**Instructions to follow:** Only the lines from the one containing "钉钉录音卡支持多语言识别,可" through the last line of the material should be copied, exactly as written and without pictures.

**Supplied information:**
○ ○ ○ ○ ○ ○ ○

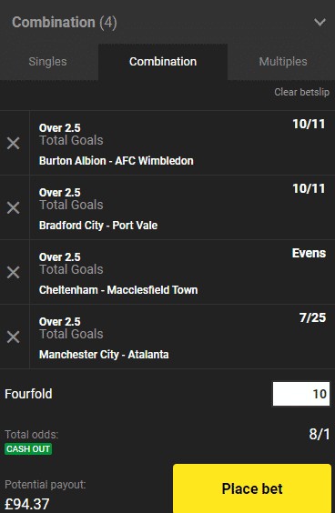 Admittedly, Macclesfield aren’t pushovers on their travels and they are likely to make things tough for any opponent. However, they are facing one of the best home sides in the country in Cheltenham Town. The Robins could easily cover the Over 2.5 Goals themselves and are regularly seen netting two or three goals at the Johnny Rocks Stadium this season. Mike Duff’s side are scoring for fun and have netted 15 times in front of their own fans so far this campaign. They knocked two past Walsall on their travels on Saturday and are full of confidence coming into this tie. Macc conceded twice to Cambridge and three times to Swindon and could find it tough to contain the hosts.Manchester City vs Atalanta – Over 2.5 Goals
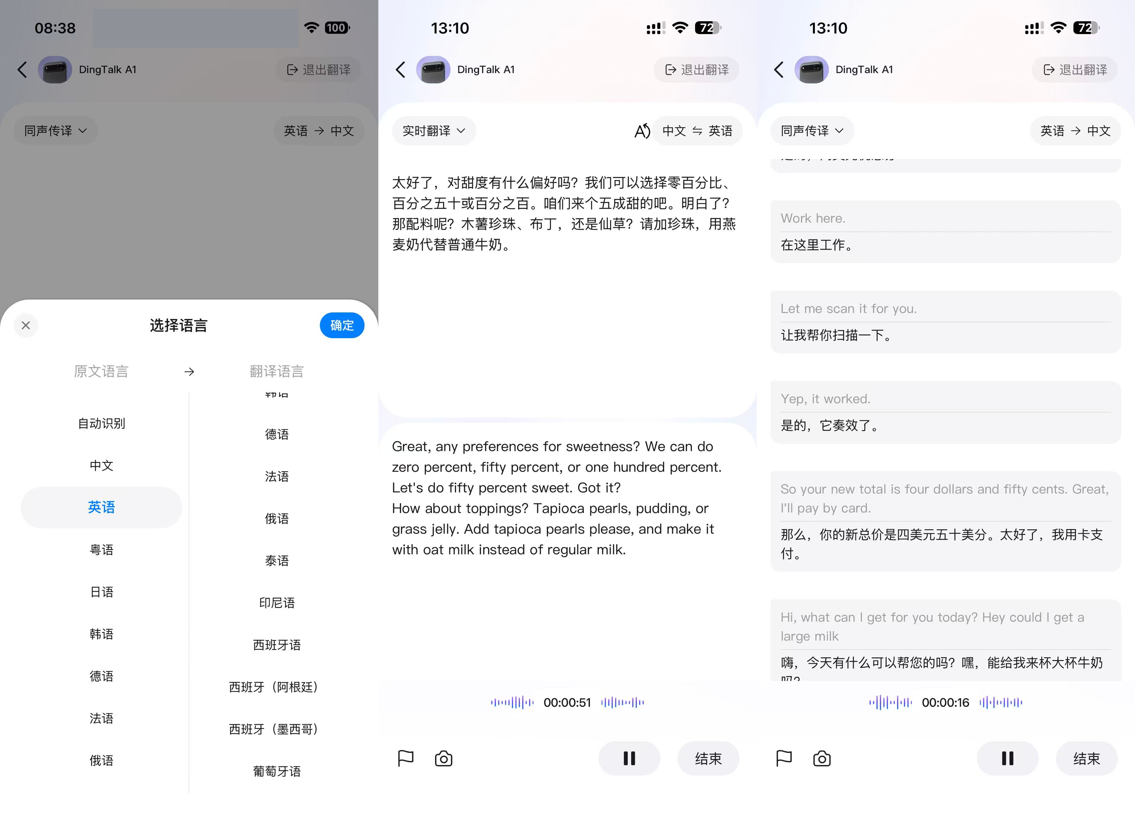 钉钉录音卡支持多语言识别,可以实现21种语言的翻译和120多种语言的转写。它分为了同声传译和实时翻译。其中,同声传译可以识别出讲话人,分段落进行翻译。我们实测了一下中英、英中翻译,翻译的还是非常精准的。
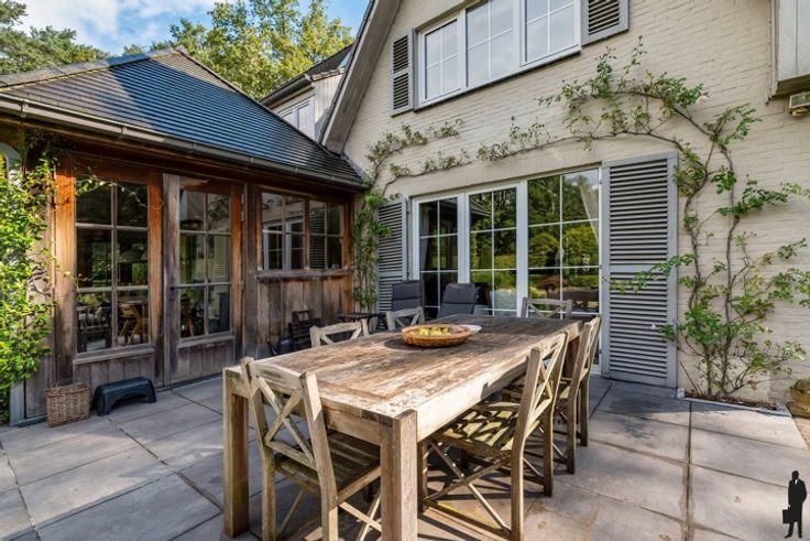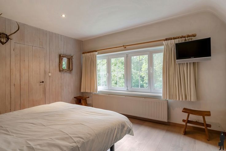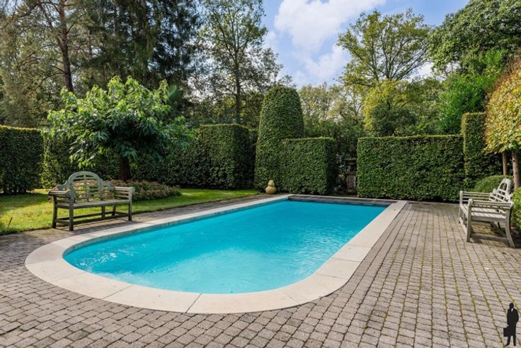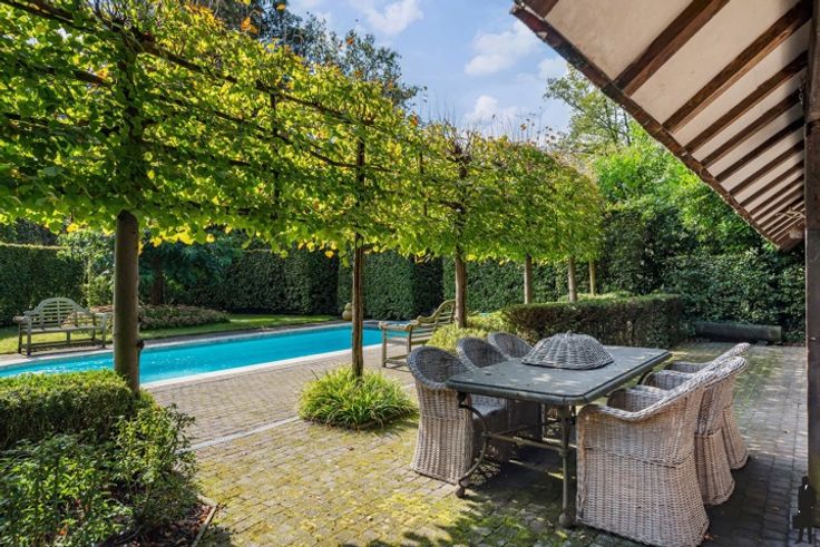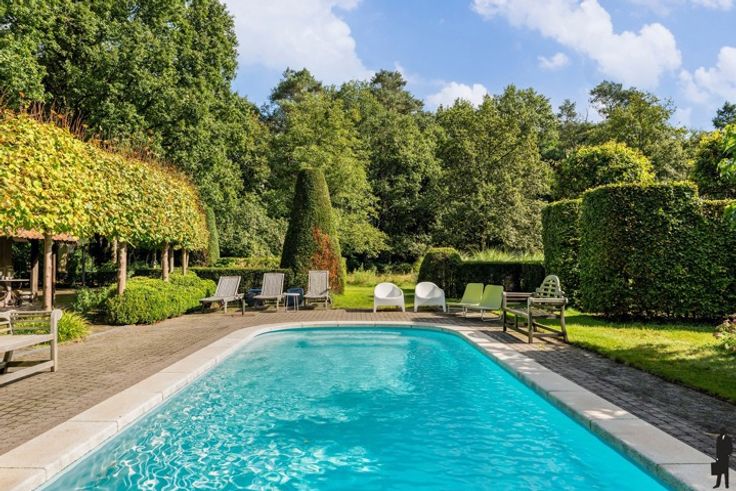 Over natuurgebied gelegen ZW georiënteerde karaktervilla met bijgebouw op ca. 5.975 m2 te Kapellenbos! Een lusvormige oprit leidt naar het huis. Inkomhal met gastentoilet en mooie trapopgang. Aan de linkerzijde is er de leefruimte met OH en grote ramen langs 3 zijden. Aan de achterzijde van het huis is er de leefkeuken met eigentijdse orangerie en aansluitend wasplaats/berging. Tot slot bureel of extra slaapkamer. Verd.: centrale nachthal. 3 slaapkamers waarvan 1 met ingemaakte kasten en douchekamer ensuite. 2 de badkamer en toegang tot de hobby- en 4de slaapkamer op de zolder bereikbaar met vaste trap. De magnifieke en uitzonderlijk open tuin heeft aangename terrassen en alle privacy. Verwarmd zwembad met poolhouse van 80 m2 met sanitair , sauna en bar! Voorts nog berging en dubbele garage op het terrein!

○ ○ ○ ○ ○ ○ ○

**Solved exercise:**
 钉钉录音卡支持多语言识别,可以实现21种语言的翻译和120多种语言的转写。它分为了同声传译和实时翻译。其中,同声传译可以识别出讲话人,分段落进行翻译。我们实测了一下中英、英中翻译,翻译的还是非常精准的。
 Over natuurgebied gelegen ZW georiënteerde karaktervilla met bijgebouw op ca. 5.975 m2 te Kapellenbos! Een lusvormige oprit leidt naar het huis. Inkomhal met gastentoilet en mooie trapopgang. Aan de linkerzijde is er de leefruimte met OH en grote ramen langs 3 zijden. Aan de achterzijde van het huis is er de leefkeuken met eigentijdse orangerie en aansluitend wasplaats/berging. Tot slot bureel of extra slaapkamer. Verd.: centrale nachthal. 3 slaapkamers waarvan 1 met ingemaakte kasten en douchekamer ensuite. 2 de badkamer en toegang tot de hobby- en 4de slaapkamer op de zolder bereikbaar met vaste trap. De magnifieke en uitzonderlijk open tuin heeft aangename terrassen en alle privacy. Verwarmd zwembad met poolhouse van 80 m2 met sanitair , sauna en bar! Voorts nog berging en dubbele garage op het terrein!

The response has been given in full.